Description
Part 3: Visualizing Time Series Data
By visualizing time series data, we can detect patterns, identify its confidence, and spot potential problems like outliers and missing values.
For this activity, in 250-500 words, answer the following:
Plot the time series data in a line chart using the plot() function. Use the date feature as your indexed column when plotting the data. Show the results.
Zoom into a particular range of time: pick a range of 2 months from your dataset and plot it into a line chart. Show the results and explain the difference between this step and step 1.
Add linear or polynomial trend lines to your time series dataset: plot a trend line using the regplot function from the seaborn library. Show the results and interpret the trend line.
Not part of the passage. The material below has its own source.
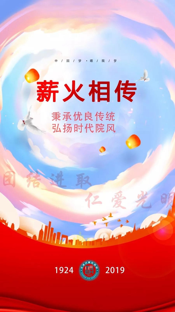 今年既是新中国成立70周年,同时也是我院建院95周年,这是一个有着九十五载厚重历史与人文精神的集体。九十五载的光阴,我们所能书写的,或许只是其中的星星点点,但身处时代脉搏中的人们所感受到的那份律动却是同一的,而我们所要做的,就是把握住这份感受,找寻到一代代天津眼院人开拓、奉献的思想价值和奋斗意义。

Suppress Seasonality: aggregate your data using the mean function at the yearly level to remove seasonality from your dataset. Plot the data and interpret the graph.
Lag Scatter Plot: plot a scatter plot to test the correlation between lag values. Import the lag plot class from the pandas plotting library. Then, show and interpret the graph.
Autocorrelation Plots: plot correlations with all possible lag values in your time-series dataset. Import the autocorrelation plot class from pandas plotting library. Show and interpret the graph. Explain how an autocorrelation function (ACF) and partial autocorrelation function (PACF) can be useful in forecasting.
- Part 4: Time Series Forecasting Using ARIMA Modeling
- For this activity, in 500-750 words, answer the following:
- Construct a time plot of the data and inspect the graph for any anomalies. This time plot should suggest whether any differencing is needed. Explain.
- Use the autocorrelation and partial autocorrelation plots to identify and select the preliminary values of the autoregression (AR) order, p, the order of differencing, d, and the moving average order, q. Explain your findings.
- Fit and train the ARIMA model based on your selected p, d, q values.
- Evaluate your model statistically by interpreting its t-test, p values, R Squared, adjusted R squared, MAE, and MAPE. Interpret the results.
Forecast the next five periods and report the results.
Parameter Tuning: fit another ARIMA model with a different value(s) for the p, d, q parameters. Compare both models and interpret the findings. Which one is better in terms of white noise, variation, unusual patterns, trends, seasonality.., etc. Why?
Evaluate each model using the walk forward validation. Explain.